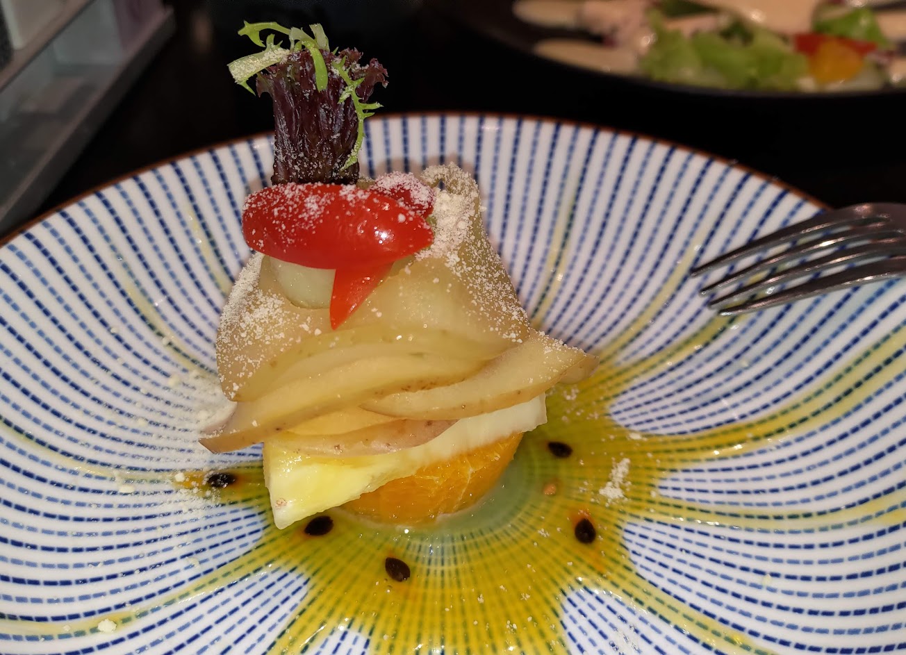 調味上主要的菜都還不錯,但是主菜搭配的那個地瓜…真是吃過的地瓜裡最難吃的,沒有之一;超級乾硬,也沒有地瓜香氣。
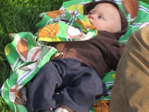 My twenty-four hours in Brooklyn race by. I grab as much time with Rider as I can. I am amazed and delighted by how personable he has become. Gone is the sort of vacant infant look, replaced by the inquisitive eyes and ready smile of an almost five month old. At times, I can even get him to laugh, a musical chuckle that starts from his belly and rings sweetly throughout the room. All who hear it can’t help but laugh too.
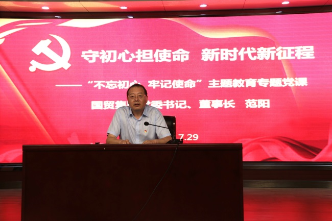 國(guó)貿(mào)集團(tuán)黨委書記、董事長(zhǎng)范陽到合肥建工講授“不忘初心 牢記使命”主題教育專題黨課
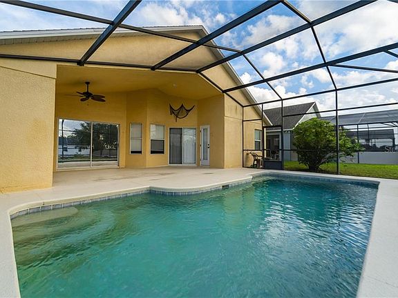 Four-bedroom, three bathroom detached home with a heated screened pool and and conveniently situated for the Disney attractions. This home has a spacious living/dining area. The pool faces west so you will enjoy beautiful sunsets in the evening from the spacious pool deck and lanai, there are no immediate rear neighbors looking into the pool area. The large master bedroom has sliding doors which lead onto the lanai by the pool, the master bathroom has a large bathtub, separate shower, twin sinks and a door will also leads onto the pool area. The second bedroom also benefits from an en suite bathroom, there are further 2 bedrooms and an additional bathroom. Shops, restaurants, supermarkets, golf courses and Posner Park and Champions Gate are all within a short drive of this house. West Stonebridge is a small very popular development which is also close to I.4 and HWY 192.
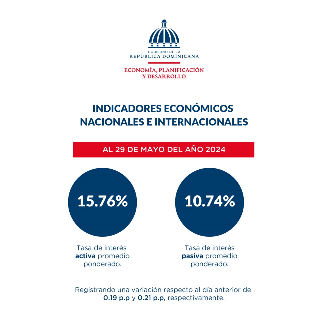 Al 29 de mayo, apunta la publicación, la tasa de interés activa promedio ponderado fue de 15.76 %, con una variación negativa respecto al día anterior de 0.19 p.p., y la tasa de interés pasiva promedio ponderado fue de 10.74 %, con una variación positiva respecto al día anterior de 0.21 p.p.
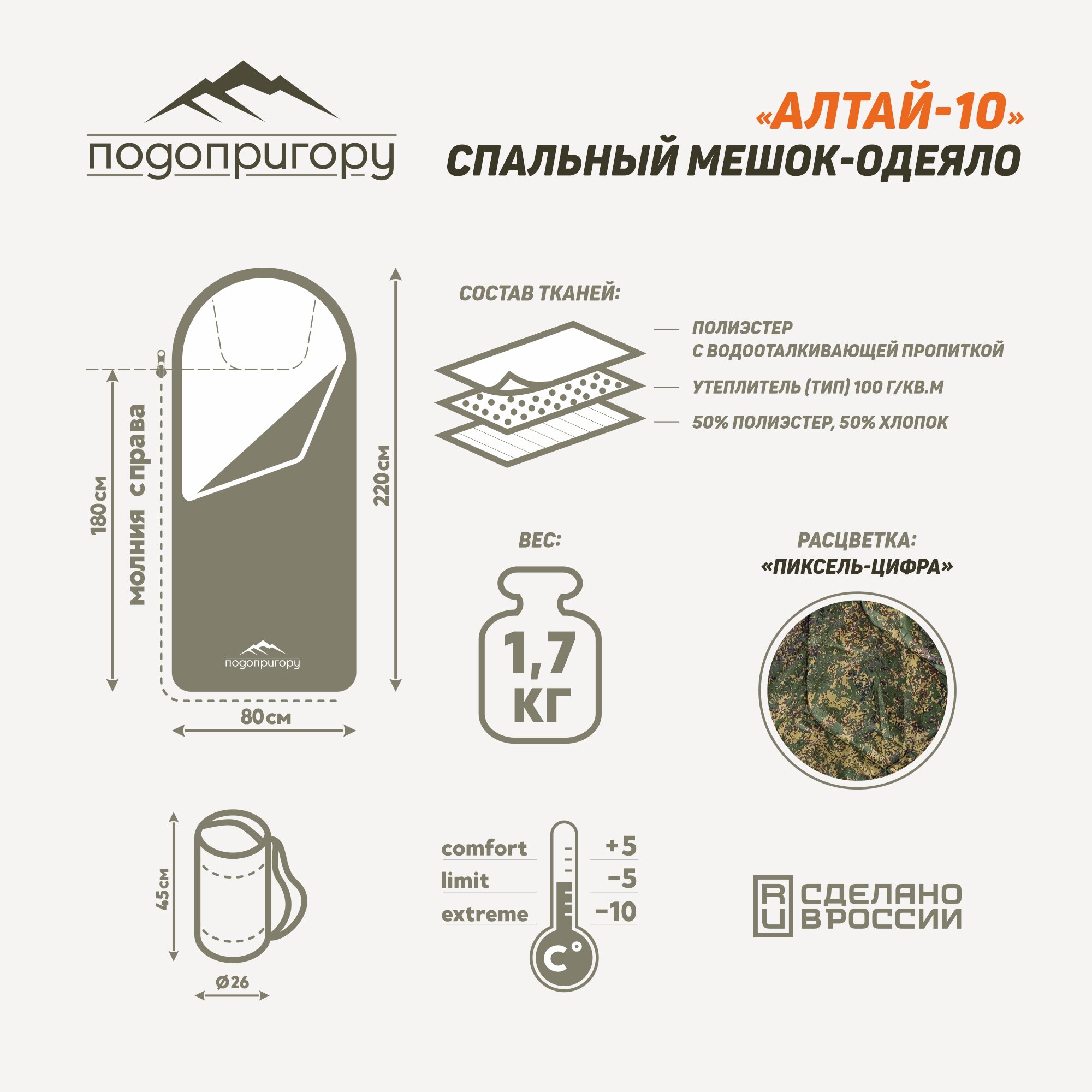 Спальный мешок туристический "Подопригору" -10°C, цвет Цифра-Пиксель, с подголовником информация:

********************

◆ **REQUIRED ACTION**
Please copy the lines above, starting at the one that holds "Four-bedroom, three bathroom" and stopping after the last line, exactly as they appear and minus the pictures.

◆ **YOUR RESPONSE**
 Four-bedroom, three bathroom detached home with a heated screened pool and and conveniently situated for the Disney attractions. This home has a spacious living/dining area. The pool faces west so you will enjoy beautiful sunsets in the evening from the spacious pool deck and lanai, there are no immediate rear neighbors looking into the pool area. The large master bedroom has sliding doors which lead onto the lanai by the pool, the master bathroom has a large bathtub, separate shower, twin sinks and a door will also leads onto the pool area. The second bedroom also benefits from an en suite bathroom, there are further 2 bedrooms and an additional bathroom. Shops, restaurants, supermarkets, golf courses and Posner Park and Champions Gate are all within a short drive of this house. West Stonebridge is a small very popular development which is also close to I.4 and HWY 192.
 Al 29 de mayo, apunta la publicación, la tasa de interés activa promedio ponderado fue de 15.76 %, con una variación negativa respecto al día anterior de 0.19 p.p., y la tasa de interés pasiva promedio ponderado fue de 10.74 %, con una variación positiva respecto al día anterior de 0.21 p.p.
 Спальный мешок туристический "Подопригору" -10°C, цвет Цифра-Пиксель, с подголовником информация:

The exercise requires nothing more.